Scraping Media from the Web with Python
This guide will show you how to scrape ‘binary based’ types of files and understand how the remote webserver communicates.
May 9, 2019 • 10 Minute Read
Introduction
Most people start extracting data from websites in the form of text extracted from HTML. There is another rich vein of information available, however, in the form of multi-media. This collection of ‘binary based’ data includes images, videos, audio, and specially formatted documents like spreadsheets and pdf files, in addition to zipped or compressed data and more. This guide will show you how to scrape these types of files and understand how the remote webserver communicates the file type that it is sending to the scrape client.
Requirements
For this guide, we are going to use the Python ‘Requests’ library to get the data, and the ‘Lxml’ library to parse the HTML that we download.

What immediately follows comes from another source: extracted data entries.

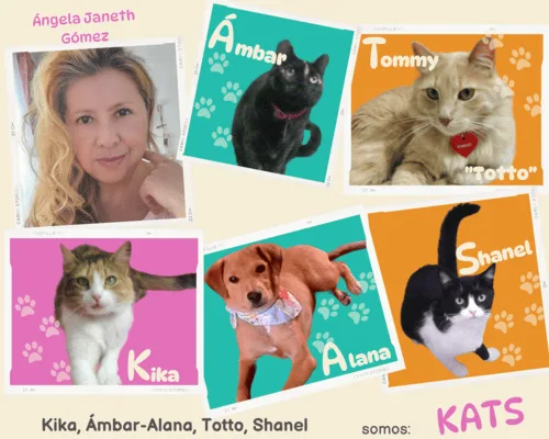 El nombre de KATS es la sigla de “Mis Peluditos”, qué sin saberlo al darle los nombres, (porque llegaron en diferente momento de mi vida); formaron la palabra KATS:
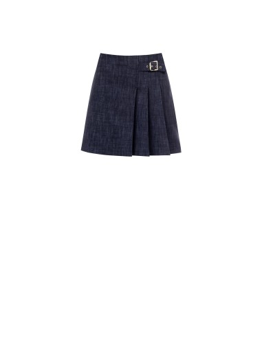 Minissaia Rinascimento com um corte trapezoidal que emagrece a silhueta. Confeccionada em ponto Milano stretch, compacta e confortável, com textura melange. O plissado frontal profundo e o cinto com fivela metálica lateral realçam a cintura. Perfeito do escritório ao cocktail, mesmo com botas ou slingbacks.
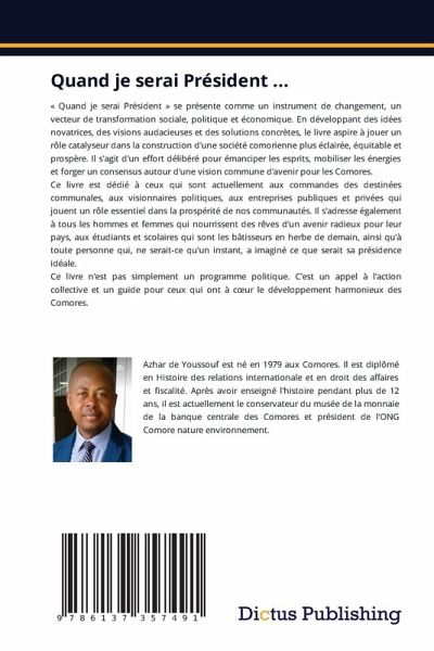 « Quand je serai Président » se présente comme un instrument de changement, un vecteur de transformation sociale, politique et économique. En développant des idées novatrices, des visions audacieuses et des solutions concrètes, le livre aspire à jouer un rôle catalyseur dans la construction d'une société comorienne plus éclairée, équitable et prospère. Il s'agit d'un effort délibéré pour émanciper les esprits, mobiliser les énergies et forger un consensus autour d'une vision commune d'avenir pour les Comores.Ce livre est dédié à ceux qui sont actuellement aux commandes des destinées communales, aux visionnaires politiques, aux entreprises publiques et privées qui jouent un rôle essentiel dans la prospérité de nos communautés. Il s'adresse également à tous les hommes et femmes qui nourrissent des rêves d'un avenir radieux pour leur pays, aux étudiants et scolaires qui sont les bâtisseurs en herbe de demain, ainsi qu'à toute personne qui, ne serait-ce qu'un instant, a imaginé ce que serait sa présidence idéale.Ce livre n'est pas simplement un programme politique. C'est un appel à l'action collective et un guide pour ceux qui ont à coeur le développement harmonieux des Comores.
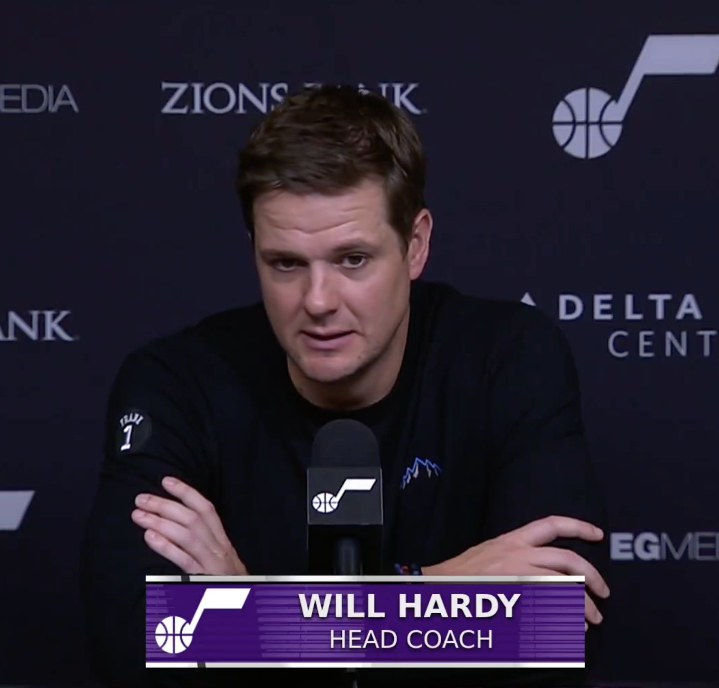 赛后爵士主帅威尔-哈迪接受了记者采访,在谈到主场氛围时,哈迪表示:“这真是一座非常特别的球馆。里面的声浪震耳欲聋……尤其是最近的呐喊声,真的格外震撼。”
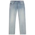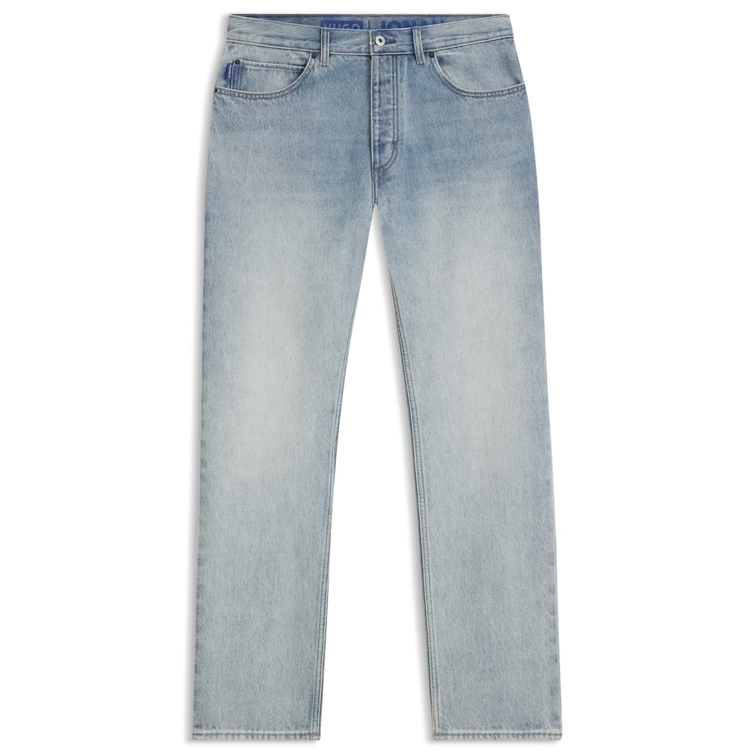 Hugo light wash jeans feature a slim fit and a classic five-pocket design. The jeans are equipped with a zip fly, front button, and belt loops for a secure fit. Embellished with front, back, and coin pockets, along with detailed stitching, these jeans offer both style and functionality. -
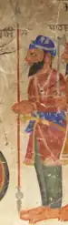 Dharam Singh, one of the inaugural/original Panj Pyare, depicted in an old Sikh fresco from inside an abandoned Sikh samadhi located in Kot Fateh Khan, Attock, Punjab, Pakistan
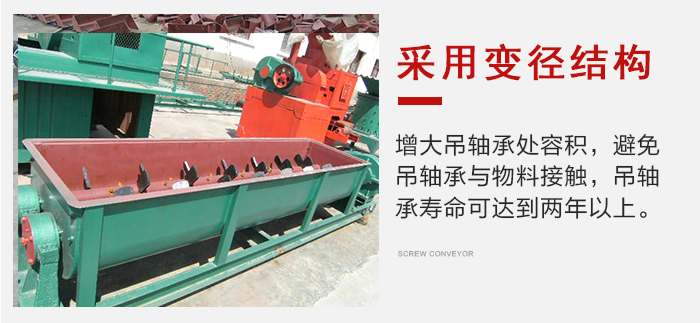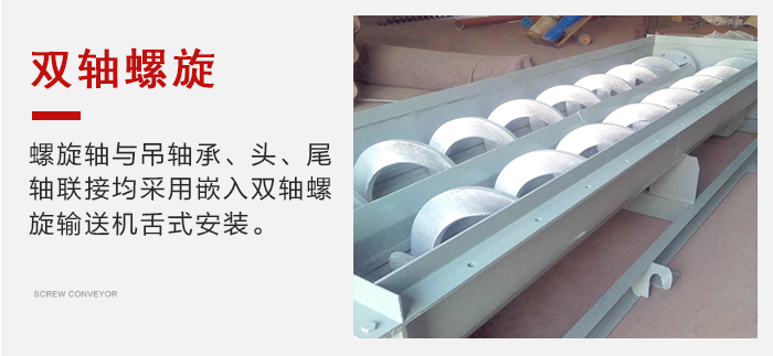 螺旋軸與吊軸承、頭、尾軸聯接均采用嵌入雙軸螺旋輸送機舌式,安裝、拆卸不需要軸向移動,維修方便。芯軸長、吊掛少、故障點少。
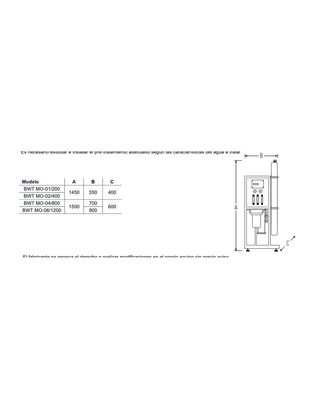 IMPORTANTE: Es necesario estudiar e instalar el pre-tratamiento adecuado según las características del agua a tratar.
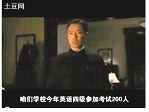 于是,惡搞版《色,戒》出爐了:易先生變成梁校長(zhǎng),收到副官的“四級(jí)考試有人作弊”報(bào)告后,下令補(bǔ)考否則不能畢業(yè),而王力宏及一幫掙扎在四級(jí)苦海中的學(xué)生毅然決定派王佳芝作弊,找個(gè)補(bǔ)考老師(庹宗華),實(shí)行“一人吃飽,全家不餓”的作弊方式,但校方道高一丈,派出“無(wú)間道”班底的監(jiān)聽(tīng)員,最終一網(wǎng)打盡,王佳芝與鄺裕民被處以開(kāi)除學(xué)籍的處分。
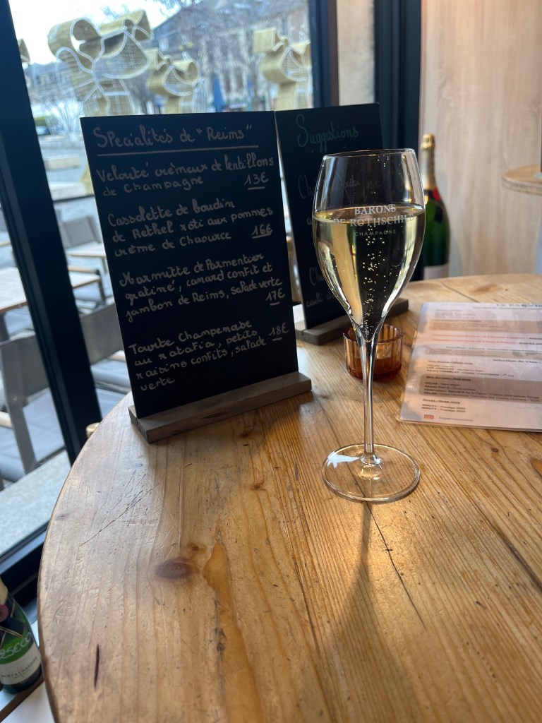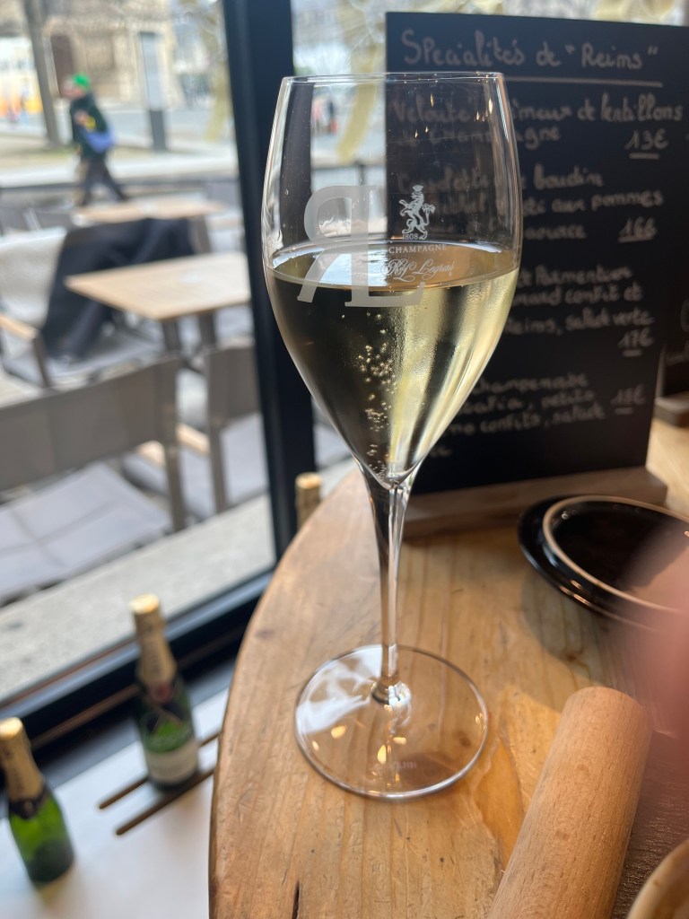 I found a nice cafe/bar and had some more champagne. I figure I need to sample as much as is realistic why I am here. I had a glass of Mercier blanc de blanc and blanc de noir. The blanc de noir was definitely more complex than the blanc de blanc. The bar gave me little munchies to have when I was eating so made a pleasant time. The picture is the blanc de noir.
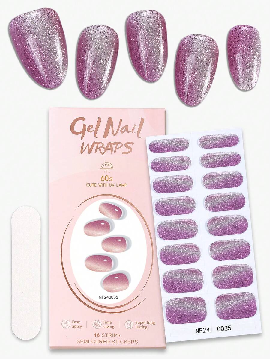 16 片猫眼半固化凝胶指甲贴,夏季粉色金属风格自粘凝胶指甲全贴,持续 14 天,需要紫外线灯,快速美甲指甲贴纸,适合女性音乐节 DIY
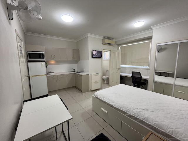 This Self-contained Studio flat is the integration with bathroom, kitchen, study and living area. and it is in the house dwelling style.
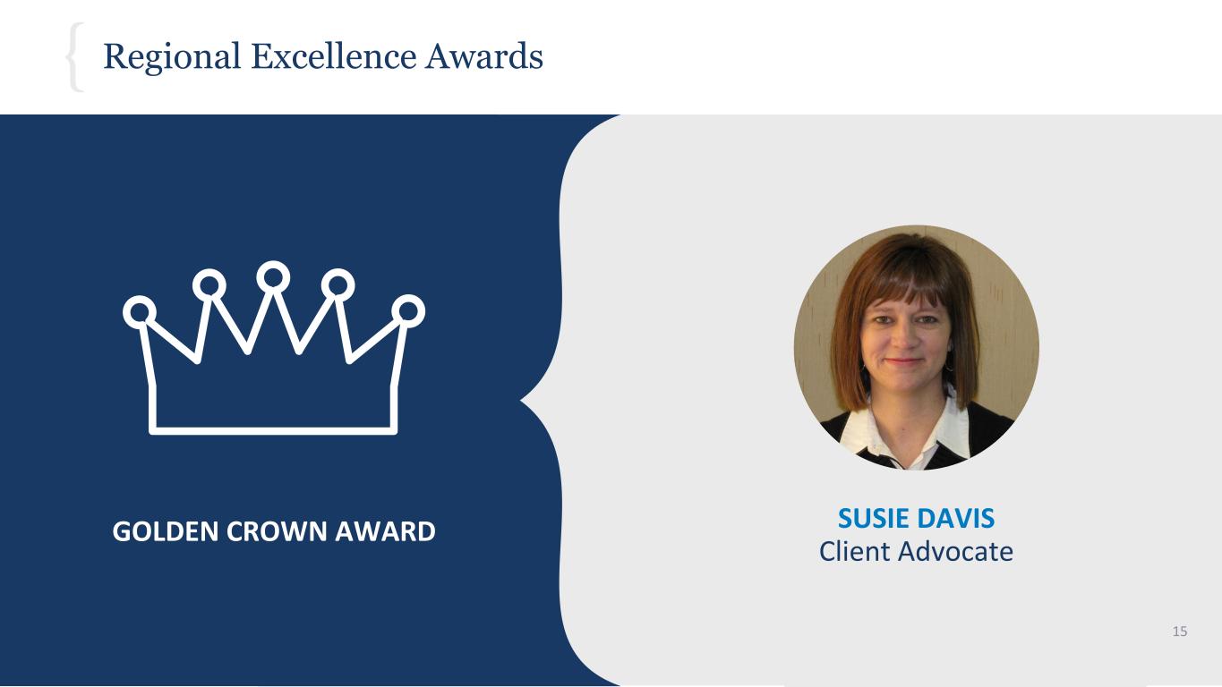 15 GOLDEN CROWN AWARD Regional Excellence Awards SUSIE DAVIS Client Advocate
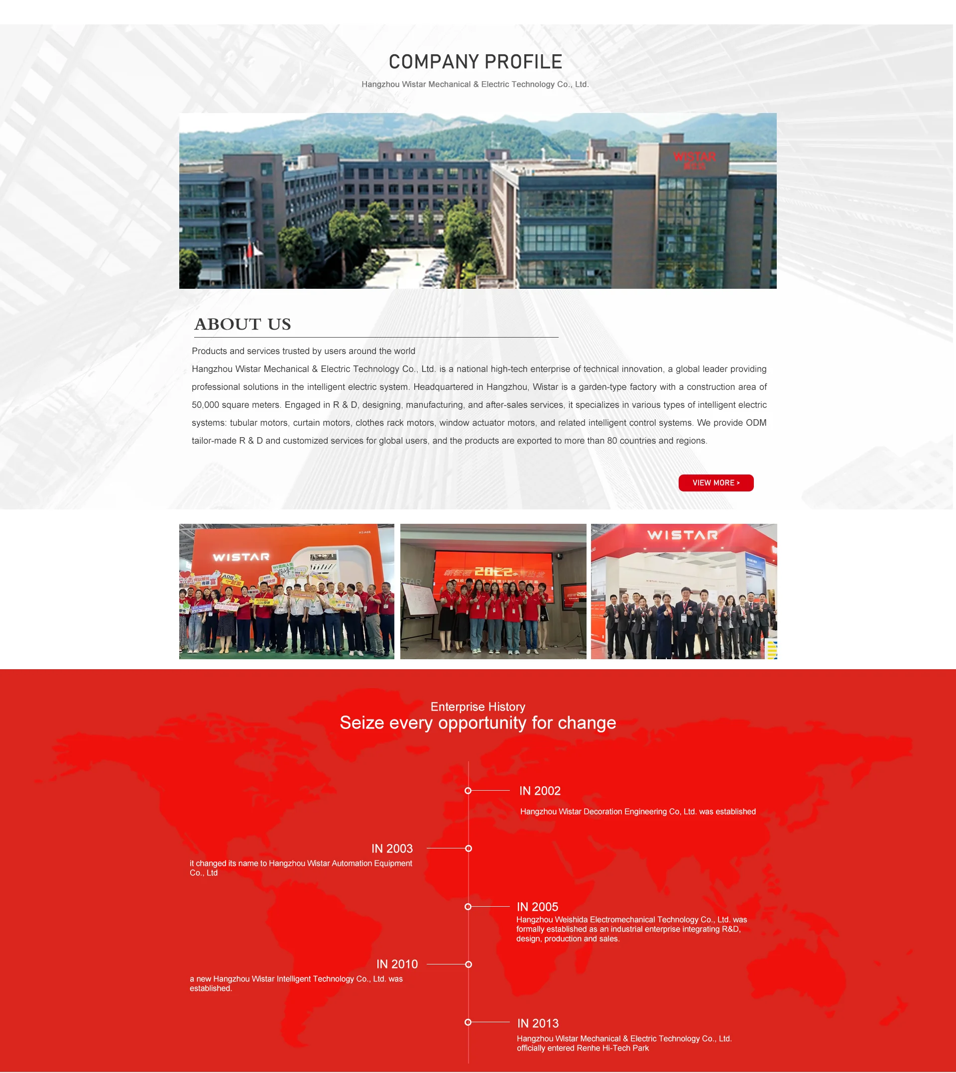 Productos principales:Motor tubular, Control remoto y receptor, Motor de cortina, Motor de cortina inteligente, Motor de persianas inteligentes

These are very straightforward to use and suitable for most web-scraping purposes. We will also use the ‘Pafy’ and ‘Youtube-dl’ libraries to assist in scraping streaming video files from Youtube.
Prerequisites:
In general, once you have Python 3 installed correctly, you can download Lxml and Requests using the ‘PIP’ utility:
pip install requests
pip install lxml
pip install pafy
pip install youtube-dl
If Pip is not installed, you can download and install it here
For simple web-scraping, an interactive editor like Microsoft Visual Code (free to use and download) is a great choice, and it works on Windows, Linux, and Mac.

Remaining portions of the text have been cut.